Расстались они во дворе княжеского терема. Ворошила сел в свой возок, задернул полог, и крикнул вознице:

– Домой.

Но у крыльца, выйдя из возка, Ворошила не стал подниматься по лестнице, а двинулся в нижний пристрой, где жили его дворовые люди. Заходить не стал, потому что в этом пристрое всегда, на вкус посадника, плохо пахло, только двери открыл, увидел в сенях человека в охапкой дров на руках, и приказал:

– Самовита ко мне… И пусть бегом бежит…

И ушел, не сомневаясь, что его приказание будет в точности выполнено. И даже дверь за ним закроют, чтобы посадник не утруждал себя лишним движением. В самом деле, сам Ворошила из-за возраста и тучности ходил медленно, и, пока он поднялся в свою горницу на второй этаж, пока раскрыл дверь, и сразу взял с подноса у дворовой девки жбан подогретого хмельного меда, что хорошо греет после мороза, Самовит догнал его, и остановился за порогом. Впрочем, это не помешало Ворошиле мед выпить, и только этого махнуть Самовиту рукой, требуя пройти в горницу. Посадник дождался, когда закроется дверь за дворовой девкой с подносом, и сразу отдал приказ:

– Скоро стемнеет. Потому коня не жалей. Коня возьми любого, кроме моего. Скачи, что есть силы, пока не стемнело, в Славен. Срочно найди мне боярина-советника Самоху, и вежливо попроси обязательно сегодня же ко мне приехать. Дело отлагательства не терпит. Так и скажи…

– Уже еду…

– Все понял?

– Понял, посадник.

– Иди…

Самовит, длинный, жердеобразный и мосластый, вышел так, словно ходил на ходулях. Но посадник знал, что неуклюже он выглядит только внешне, а в действительности быстр и сообразителен. А, главное, в верховой езде необычно хорош. Какая-то у Самовита, как говорили, дружеская связь с лошадьми существует. Зря что ли у него у самого морда на лошадиную похожа! Такие вещи возможны, не сомневался Ворошила. И князь Здравень как-то рассказывал, что знавал некогда знахарку, которая умела с волками словом ласковым ладить. Они к ее лесной избушке собирались, знахарка кормила их, и посылала по своим надобностям. Волки искали ей в лесу травы, прибегали, говорили, и она понимала, где надо эти травы искать.
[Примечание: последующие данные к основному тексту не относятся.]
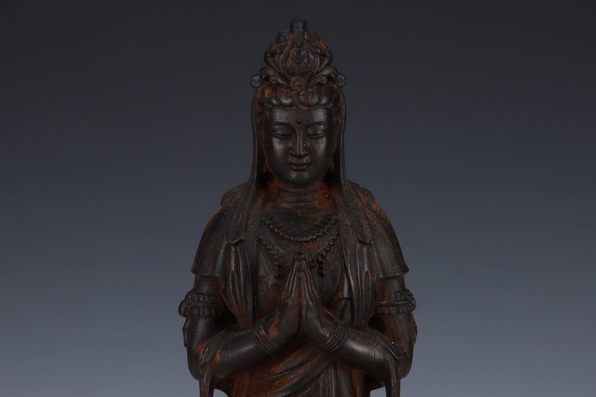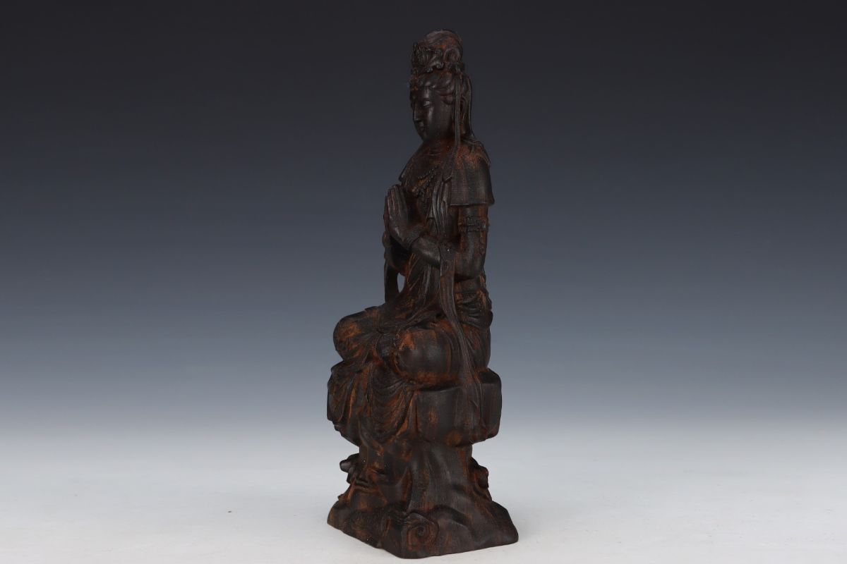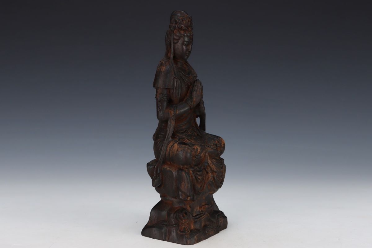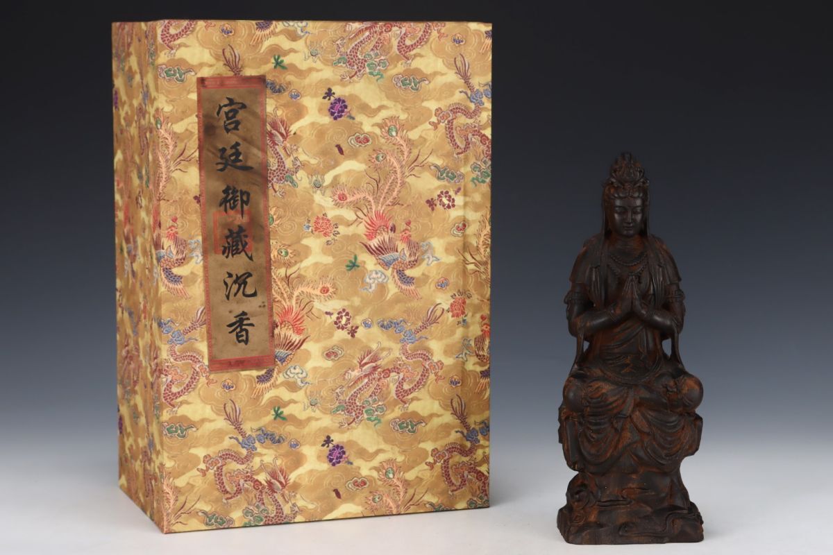 永し 清時代 大清乾隆五十六年内務府監製 老沈香 珍木彫 觀音菩薩 極細工 置物擺件 古美術品 時代物 古董品 収集 旧家蔵出 中国唐物 A12

Но, то волки. А здесь лошади. Однако одному дано с волками общий язык находить, другому с лошадьми. Так и следовало быть среди людей разных и видом, и характером.

Посадник Ворошила предвидел, что утром ему поспать никак не дадут, дел утром будет много. И потому решил лечь пораньше. Впрочем, в зимнее время все в доме посадника ложились рано. Но в этот раз он особо предупредил дворовых людей:

– Если ко мне кто пожалует или Самовит вернется, сразу запускать и меня будить. Без промедления, не то трепку вожжами устрою…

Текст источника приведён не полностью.